- **WHAT IS REQUIRED**
Every line from the top of the records below through the one containing "然后根据AGV返回的位置信息" must be copied exactly, and the pictures must not be.

- **EXTRACTED ENTRIES**
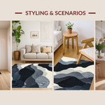 Ultra Soft Area Rug, Non Slip, Stain Resistant, Washable Area Rugs for Living Room, Bedroom, Abstract Grayscale Wave Pattern Runner Rug with Flowing Striped Motif(Gray) Overview:
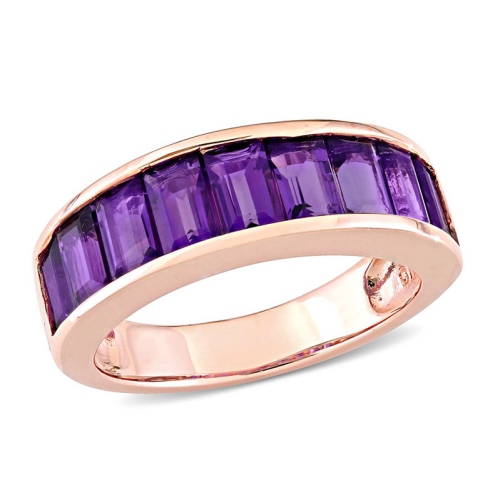 Surprise your loved one with this striking African amethyst anniversary ring. Crafted in lustrous rose gold flash plated sterling silver, this versatile ring features nine baguette channel-set African amethyst gemstones (5x3mm). Enhanced with a polished finish. Purple amethyst is the featured birthstone for the month of February.
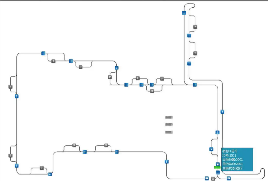 然后根据AGV返回的位置信息上可以看到可以看到AGV当前位置,当前状态(是否有障碍物,是否脱轨,当前是否携带物料等等)。
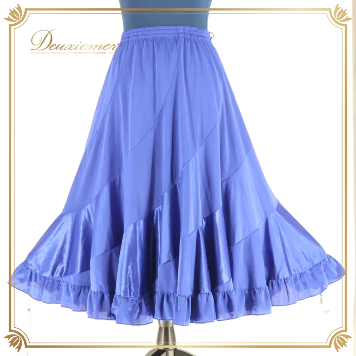 - 社交ダンス 衣装 スタンダード スカート ブルー系 サテン レース レッスン 練習着 青 社交ダンススカート フリル イベント 発表会 舞台
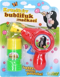 En sjov klem-boblemaskine med motiv af Mulvarpen glæder både børn og voksne. Takket være den praktiske klemme­mekanisme laver du masser af farverige bobler nemt og hurtigt. Den kompakte 55 ml pakning er ideel til rejser og legepladsen. Fås i 2 farvevarianter – rød og grøn.
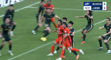 第22分钟,海港右侧传中到禁区,浙江队解围不远造成乱战,冯劲跟进抽射稍稍高出↓
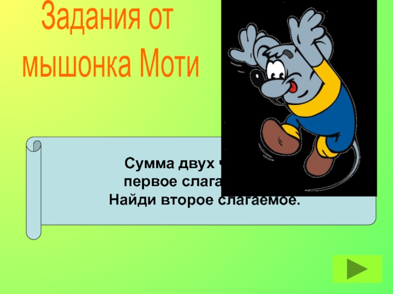 Сумма двух чисел 63, первое слагаемое 40.Найди второе слагаемое.Задания от мышонка Моти
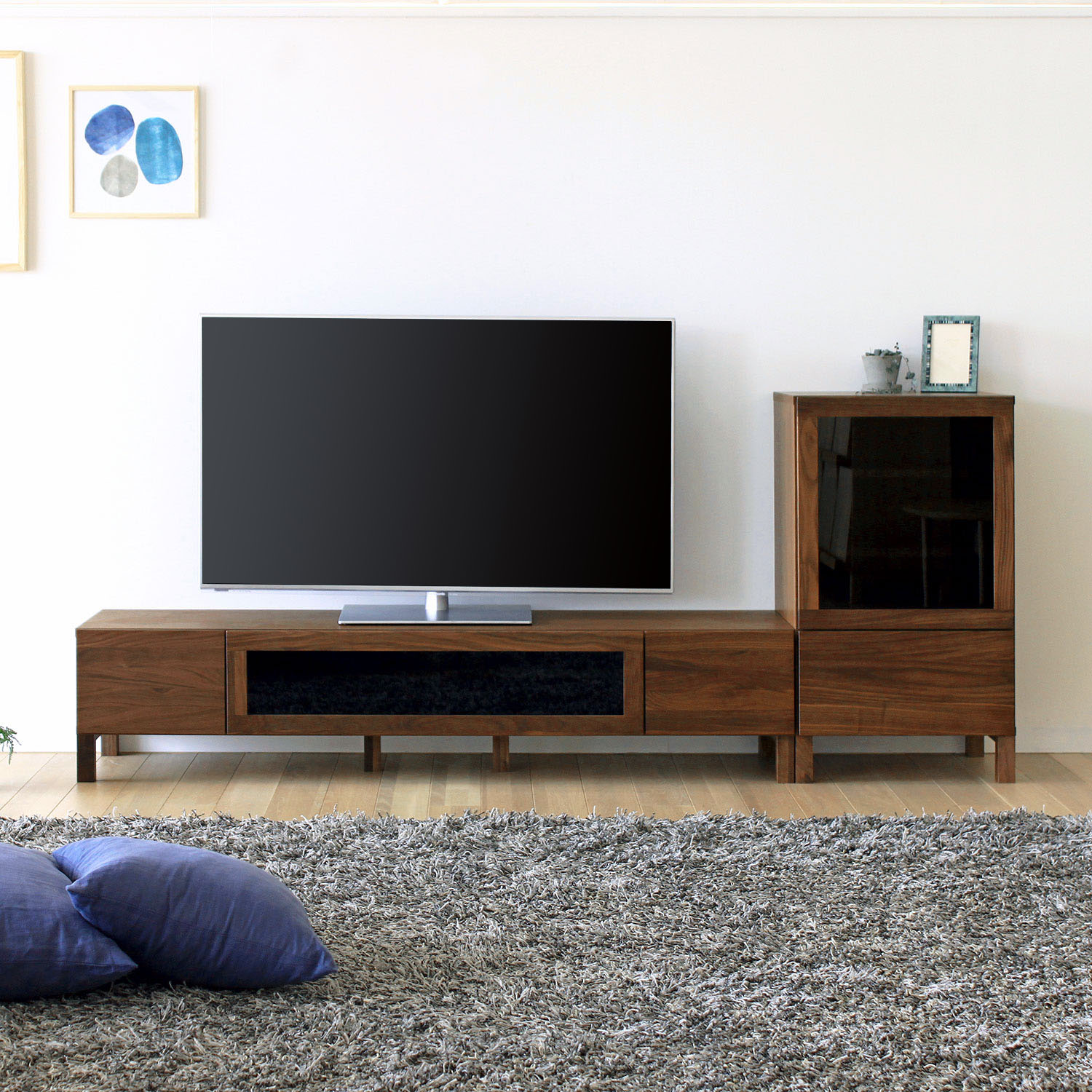 シンプルで飽きの来ないデザインデザインが特徴のレッチェシリーズ前板に天然木ウォルナット無垢材を使用し高級感のある佇まいガラス扉の蝶番はゆっくり静かに閉まるダンパー式引出しはフルスライドレール使用。DVDやCD、取扱説明書などすっきり収納しておけます。テレビ台のサイドボード・チェストとしても、単体でリビング収納としても活躍【
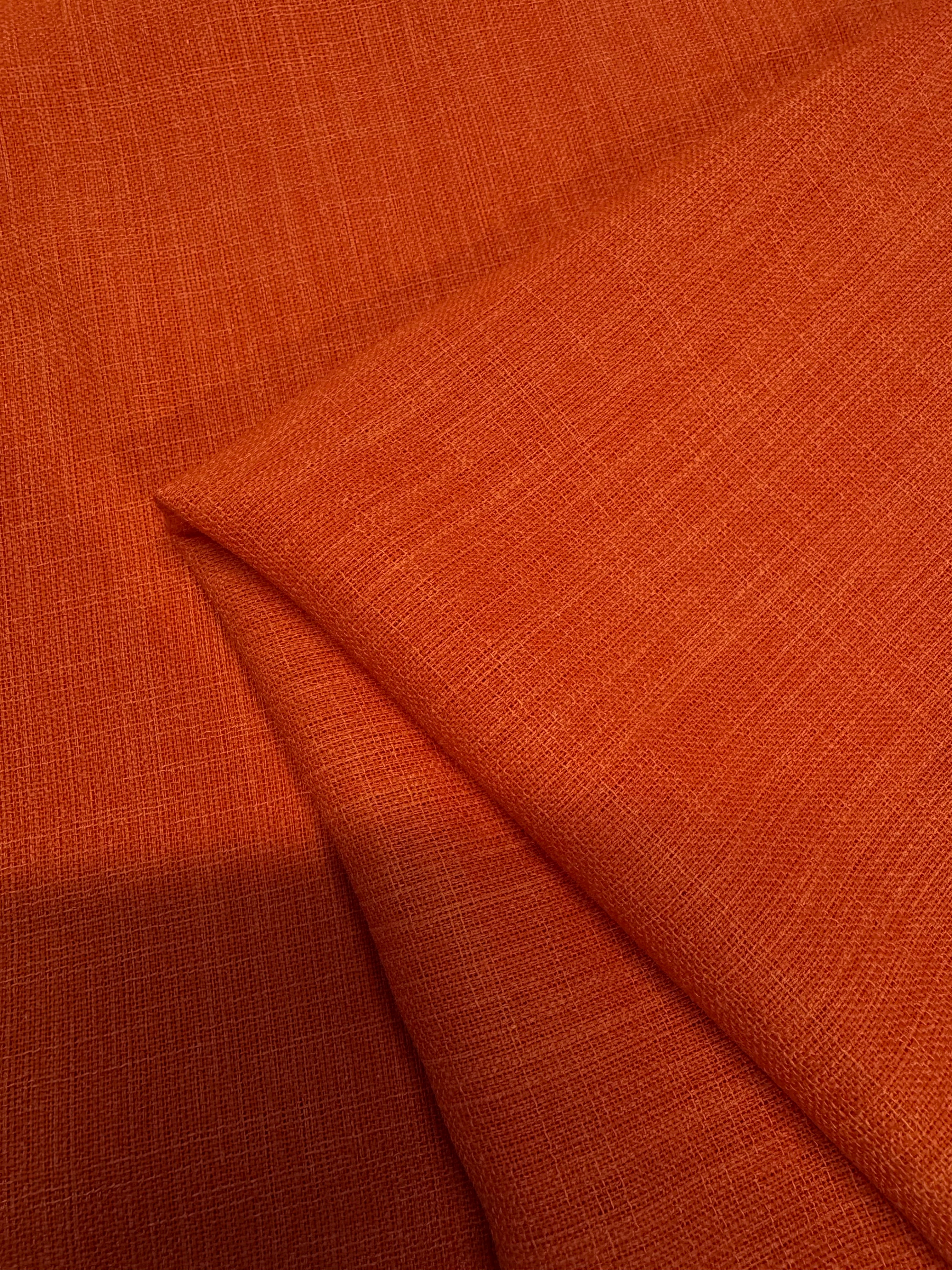 A close-up of Crepe - Puffin’s Bill - 112cm from Super Cheap Fabrics in orange, showing lightweight polyester fabric with a fine woven pattern, one piece flat and another folded—ideal for elegant evening gowns.
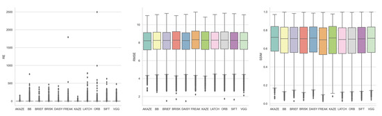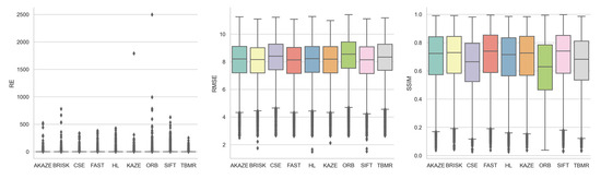 Boxplots of RE, RMSE, and SSIM achieved by each feature descriptor for all image registrations.
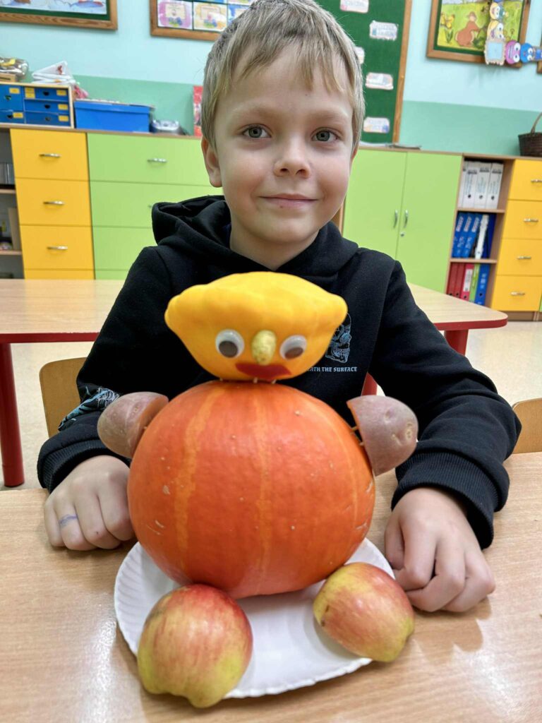 Dodatkowo okazało się, że warzywa i owoce można wykorzystać nie tylko do jedzenia, ale także do kreatywnych zabaw plastyczno – technicznych. ![]()
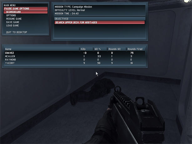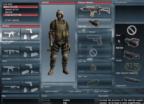 作战中,玩家将会预先观赏到每个任务中提供的精彩录像简报,广阔的地图展示和强大的团队阵容。和前作相比,交互性更强。每一个团队成员都具有同样的熟练技巧,都可以在兵工厂中选择最好的武器。比如说MP5冲锋枪,格斗散弹猎枪,或者Armalite等精良武器。实际上,游戏中的武器类型有很多种,每一种武器等级不同伤害力也不一样。根据杀伤威力不同,军火弹药花费的价格也不一等。
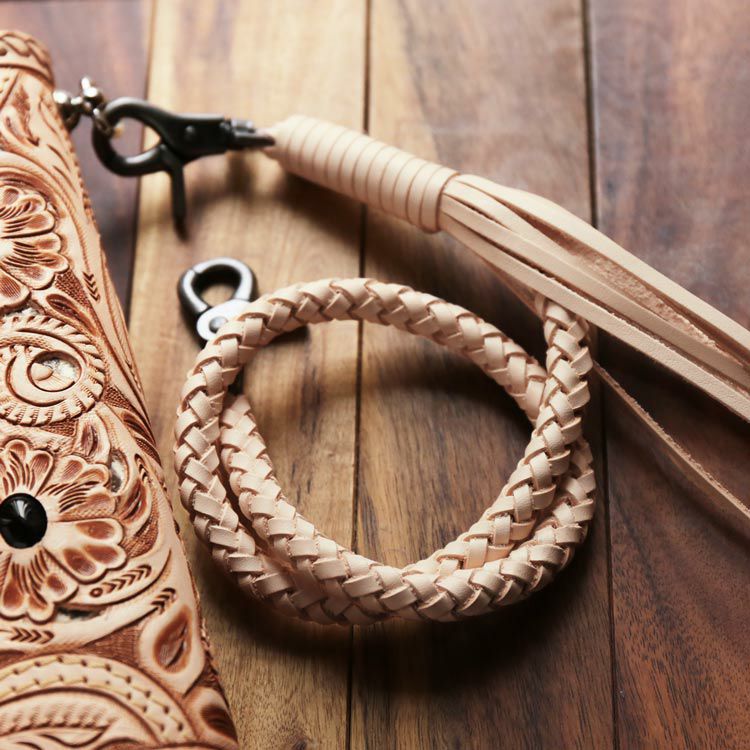 ヌメ革を編み込んだロープにフリンジが付いたウォレットロープ。
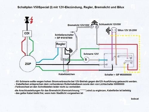 Wie du diese ZGP mit hoher Leistung und Auslegung auf vollständige Gleichrichtung in eine 6V-Anlage der V50 integrieren könntest, kann ich dir leider nicht sagen. Ich gehe aber davon aus, dass das weder mit dem bisherigen Kabelbaum noch den Schaltungen von Bremslicht und Schnarre möglich ist. Ev. brauchst du sogar eine Batterie.
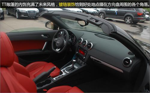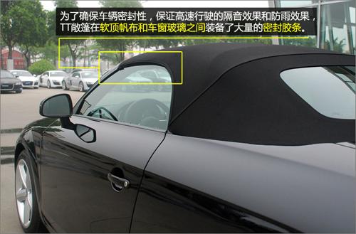 TT 敞篷采用的是軟頂,而并未隨大趨勢(shì)使用電折硬頂,軟篷的收折及儲(chǔ)存均比硬頂富彈性,優(yōu)點(diǎn)是無(wú)須占用車尾大量空間,篷身可選擇不同顏色,配搭出更多變化的視覺(jué)效果。而且,奧迪TT 敞篷采用的多層布制軟篷有優(yōu)秀的隔音效果,不必?fù)?dān)心高速行駛時(shí)會(huì)有巨大的風(fēng)噪。
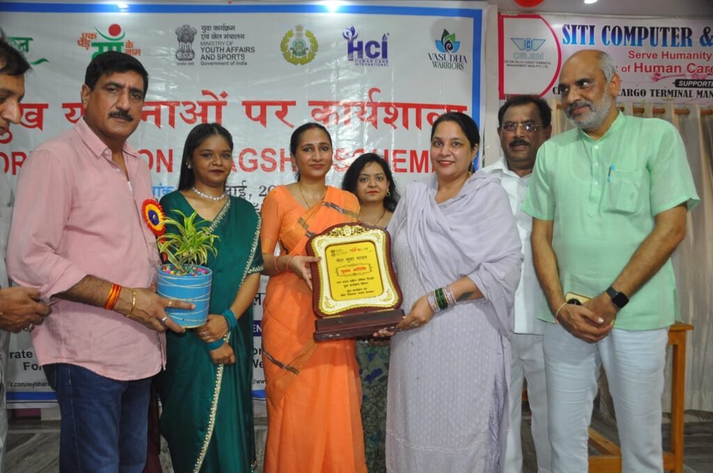 जिला युवा अधिकारी श्रीमती अंजली चौधरी ने सभी अतिथियों एवं युवाओं का संबोधन करते हुए मेरा युवा भारत के बारे में बताया एवं कार्यशाला में दोनों योजनाओं के अंतर्गत किस प्रकार की जानकारी दी जाएगी तथा यह भी बताया कि 1500 वृक्ष लगा कर एवं वितरण करके दिचाऊ कलां में इस कार्यक्रम को सफल बनाने का प्रण मेरा युवा भारत का है।
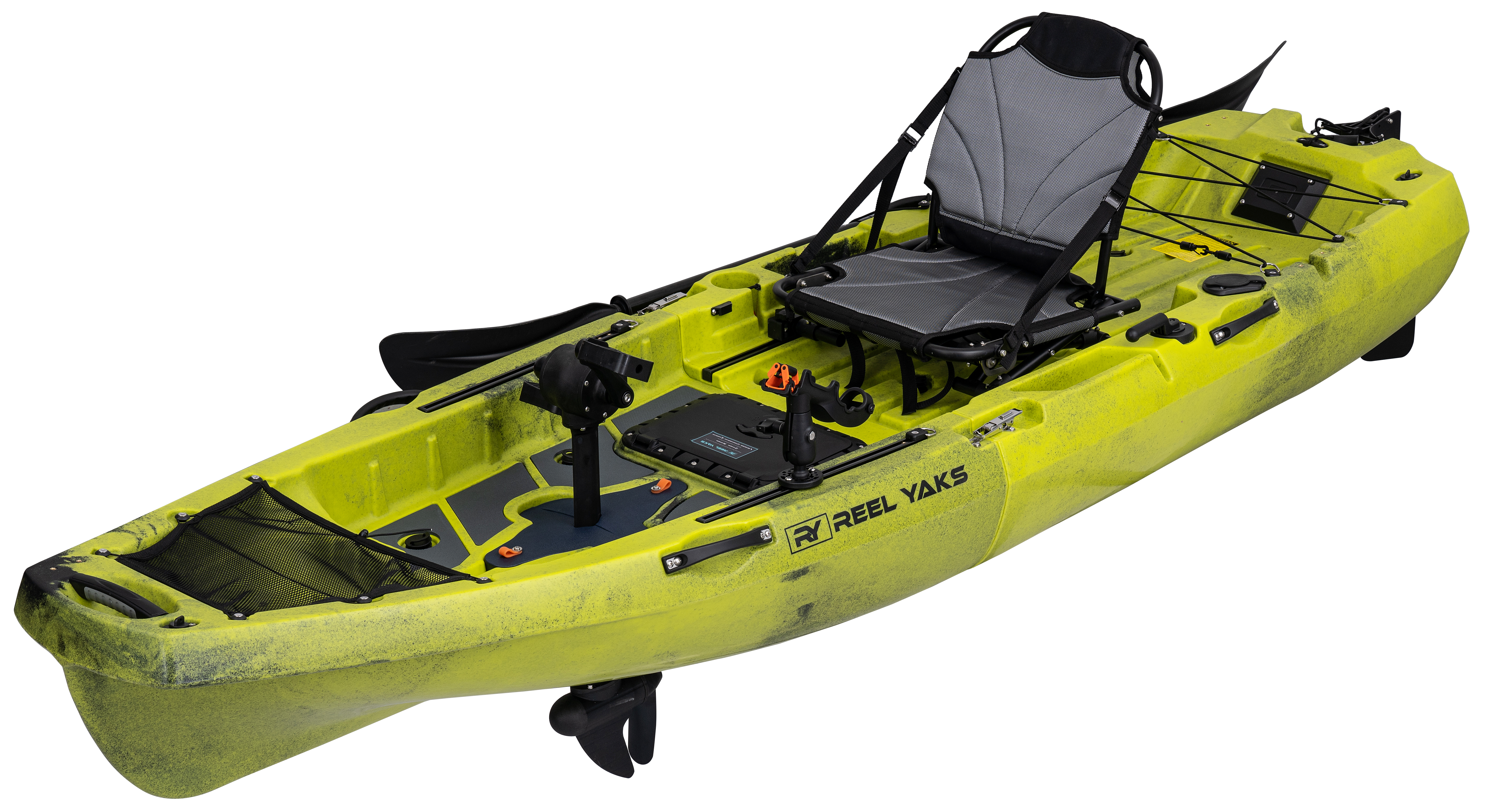 Navigating through ever-changing paddling conditions is a breeze, thanks to the deep-blade rudder system that offers extra assistance when needed. Built to withstand the test of time, this kayak guarantees unparalleled stability, even when standing, making it an indispensable asset for every fishing enthusiast. Set sail on your next fishing expedition with unmatched confidence and style aboard the Reel Yaks 10ft Radar Propeller Drive Kayak.

- **RESPONSE**
 Ultra Soft Area Rug, Non Slip, Stain Resistant, Washable Area Rugs for Living Room, Bedroom, Abstract Grayscale Wave Pattern Runner Rug with Flowing Striped Motif(Gray) Overview:
 Surprise your loved one with this striking African amethyst anniversary ring. Crafted in lustrous rose gold flash plated sterling silver, this versatile ring features nine baguette channel-set African amethyst gemstones (5x3mm). Enhanced with a polished finish. Purple amethyst is the featured birthstone for the month of February.
 然后根据AGV返回的位置信息上可以看到可以看到AGV当前位置,当前状态(是否有障碍物,是否脱轨,当前是否携带物料等等)。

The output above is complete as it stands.